American experimentalist composers had a project of proving their worth as composers. They rejected the strict, imported methods that came form Europe, but reacting to that by relinquishing control would be risky. Firstly, there is the danger of association with Jazz. White supremacy may have pushed some white composers away from engaging any of the openness suggested by jazz practice. Improvisation would be a step too far. And, indeed, composers trying to prove their worth as masters of their art may assume that retaining control would make a stronger case for their own work.
Those not embarking on nationalist projects, who have much less to prove, did turn out to be more open. Cornelius Cardew played in the AMM, a small group that improvised, influenced by jazz, but tryied to play outside of jazz’s generic boundaries. Cagean composers shunned improv, but Cardew embraced it and developed his own squiggly notation. Unlike Feldman, he did not seek exactness or a greater freedom to realise the composer’s vision more precisely. Cardew wrote, ‘A square musician (like myself) might use Treatise as a path to the ocean of spontaneity.’ (1971 p i) What Cardew gives, Feldman takes away. (Of course, when generalising about entire cultures, exceptions abound. Earle Brown argued for performer freedom.)
There is a tendency in musical writing, especially in the popular press, to see graphic notations as a high point of music’s historic embrace of left-wing libertarianism. While certainly Cage did come to embrace anarchism (and his writings on that deserve a fresh look), it would be an error to see most American notational experimentation of the period up to the 70’s as embracing any kind of class-conscious liberation. Sure it was liberationist for composers, but performers had to look abroad if they wanted freedom for themselves.

Works Cited

Behrman, David. ‘What Indertiminate Notation Determines’ (1976) Perspectives on Notation and Performance ed Benjamin Bortez and Edward T Cone. New York: W. W. Norton & Company Inc. [ book]
Cardew, Cornelius. “Treatise Handbook” (1971) London: Edition Peters. [Book]
Stein, Leonard. ‘The Performer’s Point of View’ (1976) Perspectives on Notation and Performance ed Benjamin Bortez and Edward T Cone. New York: W. W. Norton & Company Inc. [ book]

A note about notes

Musical notation, as you may have learned in school, is a lot like a mathematical function. That is, one of those math equations that you can graph. For every x, there is exactly one y. Which means that the graph is a line that may meander up or down, but it will never loop back on itself, nor split in two, nor do anything more interesting other than getting more and more to the right as x goes up

Similarly, unless there is a repeat sign, you read notes strictly left to right. There is no symbol for linked 8th notes (aka: quavers) that play in any order aside from left to right.

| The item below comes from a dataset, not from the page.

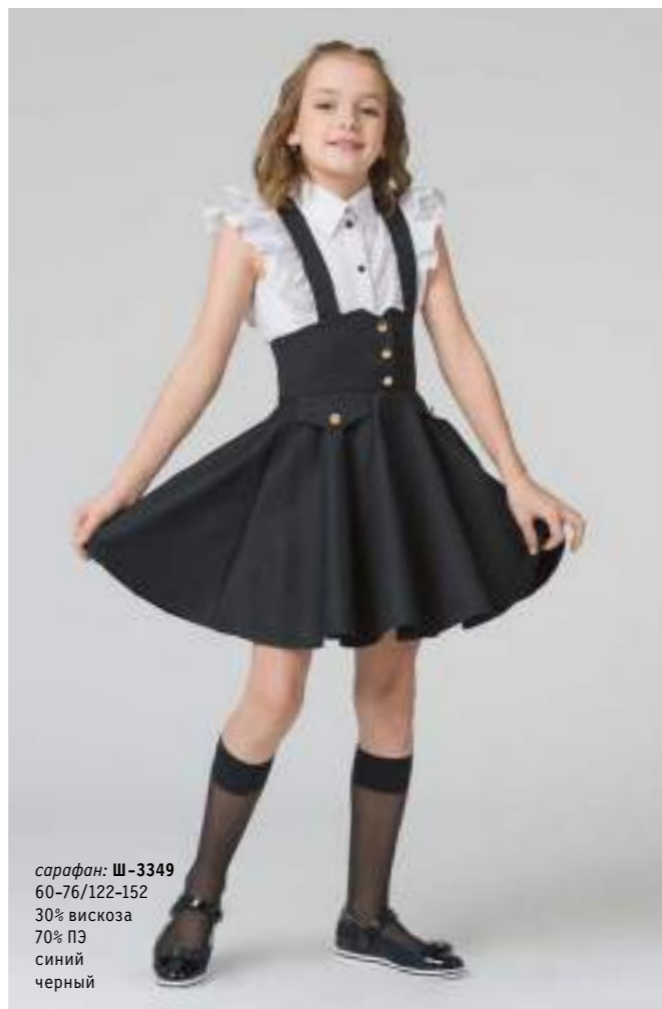
сарафан: Ш-3349 60-76/122-152 30% вискоза 70% ПЭ синий черный

And, indeed, letters of words plot a similar route. But when drawing musical lines, like the UPIC system, people sometimes want to double back. This impulse is also evident, at least occasionally, in non-musicians.

Wallenda by Penalva at the Irish Museum of Modern Art is a study in naive notation developed by a visual artist. This is an example of a closed and particular form of graphic notation, invented to communicate a monophonic line extracted from the orchestral score of Rite of Spring. Its meaning is specific and fixed.

The artist has divided the movements into sections, each of which has a single page of notation. The third movement is 153 pages. The notation is sometimes mnemonic and sometimes drawn lines. It appears to be read right to left, top to bottom. many of the images resemble piano roll notation as used by some MIDI programs. Some of the lines curve up and down, presumably tracing a melodic line. This has a strong implication of a left to right directionality. However many panels, starting with 69 in the first movement as the first such example, have loops in them.

Loop pages include 69, 94 in the first set. 16, 74, 107, 110, 111, 113 in the second set and 23, 57, 92, 93, 117, 119 in the third.

While I can only speculate as to the meanings of these gestures, some of the very tight loops do seem as if they may be intended to suggest vibrato. Some of the larger loops appear more mysterious, given their violation of the directionality implied.

Page 44 in set 2 does not loop but does have a gesture that is not a function in a mathematical sense. Instead, it goes down and then backwards. It’s meaning is intriguingly mysterious.

I would guess that the reason that people tend to want loops (despite making up a system that does not support them), has a lot to do with gestalt psychology. The relationship between it and musical notation is very beautifully illustrated, in this analysis of Cardew.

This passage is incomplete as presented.